Data shown: Begin

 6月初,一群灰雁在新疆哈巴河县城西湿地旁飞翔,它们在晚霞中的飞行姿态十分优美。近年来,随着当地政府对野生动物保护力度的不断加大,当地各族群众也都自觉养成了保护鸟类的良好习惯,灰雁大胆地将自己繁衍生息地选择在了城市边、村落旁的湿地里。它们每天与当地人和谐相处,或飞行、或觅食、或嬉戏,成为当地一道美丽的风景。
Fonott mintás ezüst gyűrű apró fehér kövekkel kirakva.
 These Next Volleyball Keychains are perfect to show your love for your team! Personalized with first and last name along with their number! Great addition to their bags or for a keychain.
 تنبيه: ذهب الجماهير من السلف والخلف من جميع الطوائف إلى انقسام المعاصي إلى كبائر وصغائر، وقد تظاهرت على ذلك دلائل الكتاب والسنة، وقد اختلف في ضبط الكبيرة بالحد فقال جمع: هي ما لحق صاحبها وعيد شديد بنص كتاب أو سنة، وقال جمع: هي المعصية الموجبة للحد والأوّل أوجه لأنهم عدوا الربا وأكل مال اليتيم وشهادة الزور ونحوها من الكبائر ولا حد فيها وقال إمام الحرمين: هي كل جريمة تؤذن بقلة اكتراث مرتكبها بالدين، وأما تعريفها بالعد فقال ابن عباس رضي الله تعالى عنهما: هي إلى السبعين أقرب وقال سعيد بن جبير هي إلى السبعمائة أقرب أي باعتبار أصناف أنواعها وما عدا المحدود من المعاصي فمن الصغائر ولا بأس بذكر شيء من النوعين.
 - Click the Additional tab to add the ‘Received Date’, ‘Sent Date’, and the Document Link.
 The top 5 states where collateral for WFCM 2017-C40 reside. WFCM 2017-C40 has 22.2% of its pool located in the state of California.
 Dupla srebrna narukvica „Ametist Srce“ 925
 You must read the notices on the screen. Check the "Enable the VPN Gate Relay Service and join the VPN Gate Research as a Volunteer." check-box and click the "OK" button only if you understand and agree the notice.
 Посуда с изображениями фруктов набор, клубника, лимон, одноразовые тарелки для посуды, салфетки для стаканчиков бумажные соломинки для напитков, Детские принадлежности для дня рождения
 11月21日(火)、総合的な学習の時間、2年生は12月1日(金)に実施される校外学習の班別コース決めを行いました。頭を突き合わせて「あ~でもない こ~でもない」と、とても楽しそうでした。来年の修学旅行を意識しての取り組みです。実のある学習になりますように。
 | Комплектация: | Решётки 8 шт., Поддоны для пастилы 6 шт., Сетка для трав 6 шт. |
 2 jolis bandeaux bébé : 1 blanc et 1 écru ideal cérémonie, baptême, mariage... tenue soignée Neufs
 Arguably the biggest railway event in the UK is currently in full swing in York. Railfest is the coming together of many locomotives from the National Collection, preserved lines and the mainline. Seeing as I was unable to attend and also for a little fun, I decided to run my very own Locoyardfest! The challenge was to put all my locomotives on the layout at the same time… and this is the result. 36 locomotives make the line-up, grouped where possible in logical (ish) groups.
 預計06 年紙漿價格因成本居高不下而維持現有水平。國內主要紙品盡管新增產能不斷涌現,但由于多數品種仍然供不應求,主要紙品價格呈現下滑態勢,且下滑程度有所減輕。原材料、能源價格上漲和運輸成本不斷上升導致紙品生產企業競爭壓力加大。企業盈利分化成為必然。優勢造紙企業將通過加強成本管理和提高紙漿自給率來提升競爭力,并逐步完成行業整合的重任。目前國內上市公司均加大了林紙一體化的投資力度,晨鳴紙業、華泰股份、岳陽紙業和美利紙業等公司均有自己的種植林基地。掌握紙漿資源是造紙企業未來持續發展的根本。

Data shown: End

• [Assignment]: Copy each line above that has the word "where".

• [Response]:
 The top 5 states where collateral for WFCM 2017-C40 reside. WFCM 2017-C40 has 22.2% of its pool located in the state of California.
 Arguably the biggest railway event in the UK is currently in full swing in York. Railfest is the coming together of many locomotives from the National Collection, preserved lines and the mainline. Seeing as I was unable to attend and also for a little fun, I decided to run my very own Locoyardfest! The challenge was to put all my locomotives on the layout at the same time… and this is the result. 36 locomotives make the line-up, grouped where possible in logical (ish) groups.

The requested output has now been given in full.